Further, the evidence regarding the parent having the impacts about removal from general education standards explained to her after the fact was not credible given the other facts in this case. However, any alleged procedural violations, which may have occurred in 2012 are outside the statute of limitations for either IDEA or Section 504. On the other hand, the facts regarding 2012 actions, or lack thereof, in later years are being determined relative to appropriate remedies in this case.

 

7/ Since the parent did not testify at the hearing, the reasons or the parent’s knowledge for the consents were not established by the evidence. However, in this case, such consents are immaterial since a parent cannot consent to an inappropriate educational placement because the duty to provide FAPE rests ultimately on the District. See 20 U.S.C. § 1412 (a)(1)(A) and 34 C.F.R. § 300.101.

 

 

COPIES FURNISHED:

 

  1. Keith DuBose, Esquire Matthews Eastmoore

Suite 300

1626 Ringling Boulevard

Sarasota, Florida 34236-6815 (eServed)

 

Stephanie Langer, Esquire Disability Independence Group, Inc. 2990 Southwest 35th Avenue

Miami, Florida 33133 (eServed)

 

Kevin William Pendley, Esquire Resolutions in Special Education, Inc.

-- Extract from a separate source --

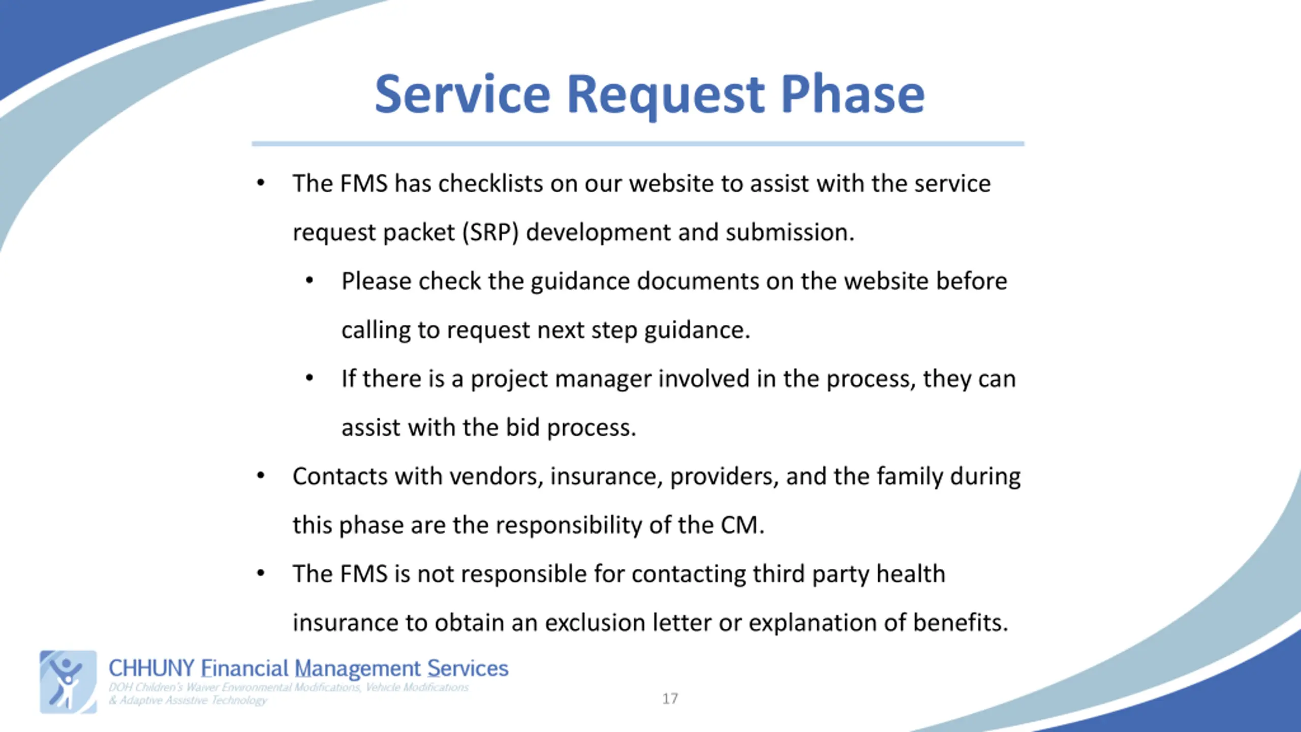 Service Request Phase The FMS has checklists on our website to assist with the service request packet (SRP) development and submission. Please check the guidance documents on the website before calling to request next step guidance. If there is a project manager involved in the process, they can assist with the bid process. Contacts with vendors, insurance, providers, and the family during this phase are the responsibility of the CM. The FMS is not responsible for contacting third party health insurance to obtain an exclusion letter or explanation of benefits. 17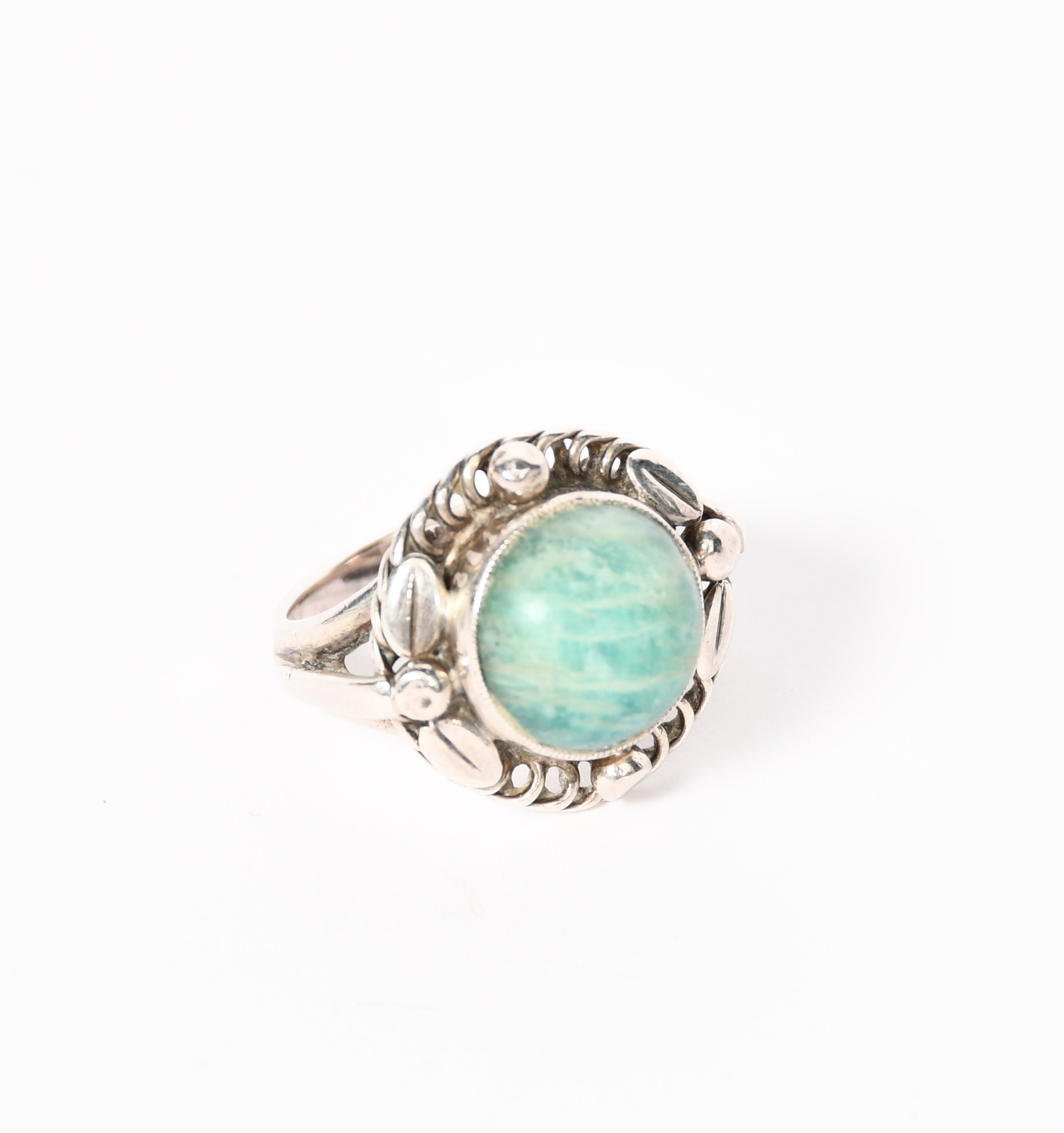 A Georg Jensen silver and agate ring, model no 1, cast foliate band with green agate cabochon, stamped marks, size H

Suite 22

10681 Airport Pulling Road Naples, Florida 34109 (eServed)

 

Victoria Sears Gaitanis, Section Administrator Dispute Resolution Program Director

Bureau of Exceptional Education and Student Services Florida Department of Education

Turlington Building, Suite 614

325 West Gaines Street Tallahassee, Florida 32312 (eServed)

 

Todd Bowden, Superintendent Sarasota County Schools 1960 Landings Boulevard

Sarasota, Florida 34231-3365

 

Matthew Mears, General Counsel Department of Education Turlington Building, Suite 1244

325 West Gaines Street Tallahassee, Florida 32399-0400 (eServed)

 

NOTICE OF RIGHT TO JUDICIAL REVIEW

 

This decision is final unless, within 90 days after the date of this decision, an adversely affected party:

 

  1. brings a civil action in the appropriate state circuit court pursuant to section 57(1)(c), Florida Statutes (2014), and Florida Administrative Code Rule 6A- 6.03311(9)(w); or

 

  1. brings a civil action in the appropriate district court of the United States pursuant to 20 S.C. § 1415(i)(2), 34 C.F.R.
  • 300.516, and Florida Administrative Code Rule 6A-6.03311(9)(w).